Guess what I wrote at facebook? Yep, I told everyone that I don't give a damn about people who had hurt me and didn't help me when I needed them to be. I mean seriously it's about time that they notice why I hate them oh so much. They were bitches and bastards. Who didn't deserve a life that they were given to consider how heartless they were.
I'm the person that I am today is was because of them. They made my childhood a horrible memory for me that I won't be able to forget them. I hate them for what they had done. Using me for their own advantage and then spread stupid rumors around school. One girl used me and it was because of her, they started to stray away from me. I never believed in best friends. Cause they might end up leaving your side, lie to your face, tell your darkest secrets and break you.

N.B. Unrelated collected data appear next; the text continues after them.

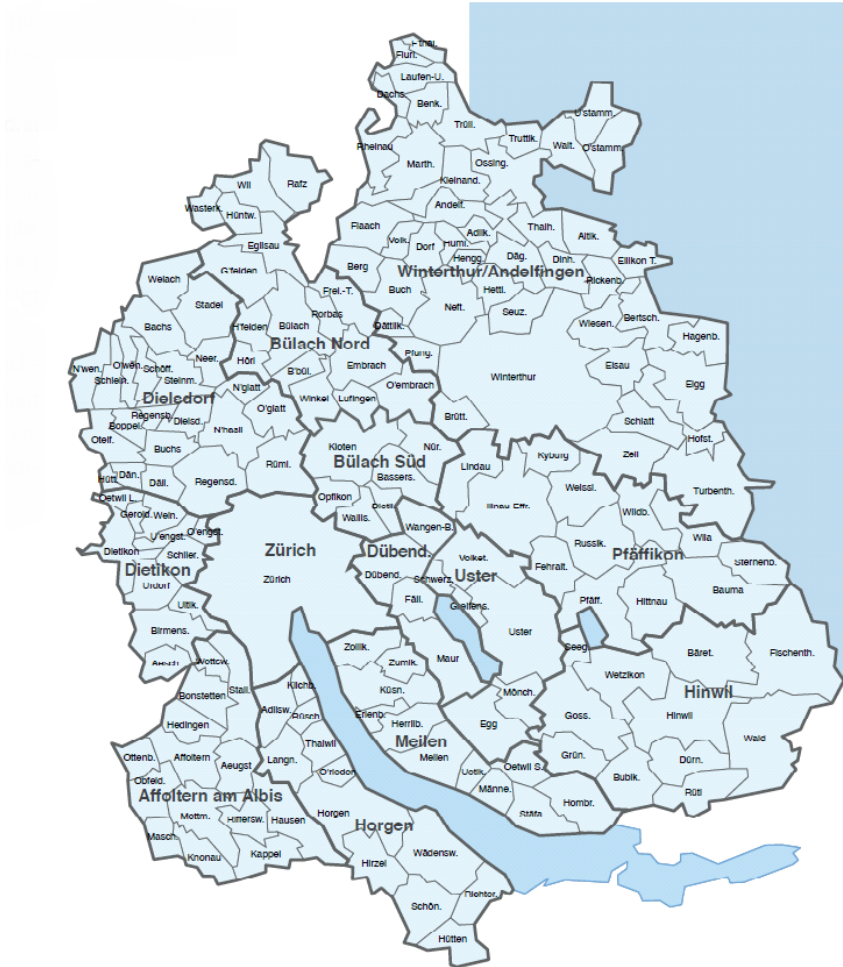
Die KESB-Kreise im Kanton Zürich
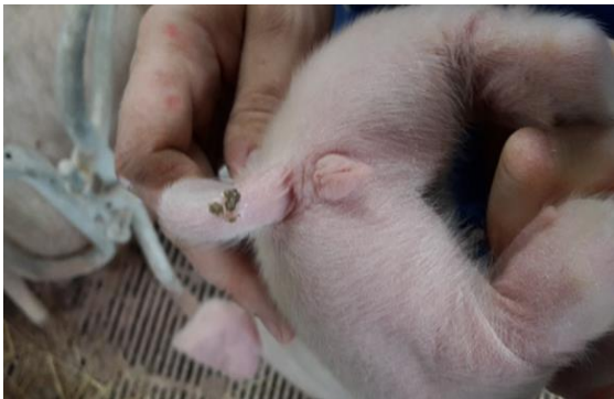
Grisen har ikke diarré
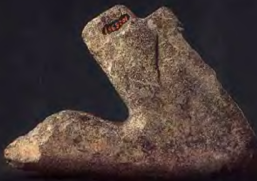
石犁·新石 器时代·昆山荣 庄出土·现藏南 京博物院
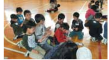
なかなかそろわないね
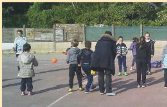
Participation au « Sport ma santé » avec le Péricolaire

It wasn't easy for me. I was in deep depression. I wasn't able to sleep, wakes up at unruly hours of the morning, eating disorder ( this is why I'm fat ), suicidal, anti-social and yeah hates to be close to other people. It wasn't easy for me. I had completely shut down from other people because of what they had done to me. People call me snobby cause I'm quiet and extremely shy. My friends who recently had a fight with me was mad at me for not being able to speak and yeah they completely loathe me for dating my book. I'm a great listener but I'm not much of a talker. Can't they accept that?
Well whatever. I'm just have to go ahead with life. Hopefully what my sister say is true about when you leave high school and enter college, you will have more friends then. Ugh... I don't know about that. Whatever. Okay this post is depressing.
It means I have to stop! So see ya!!!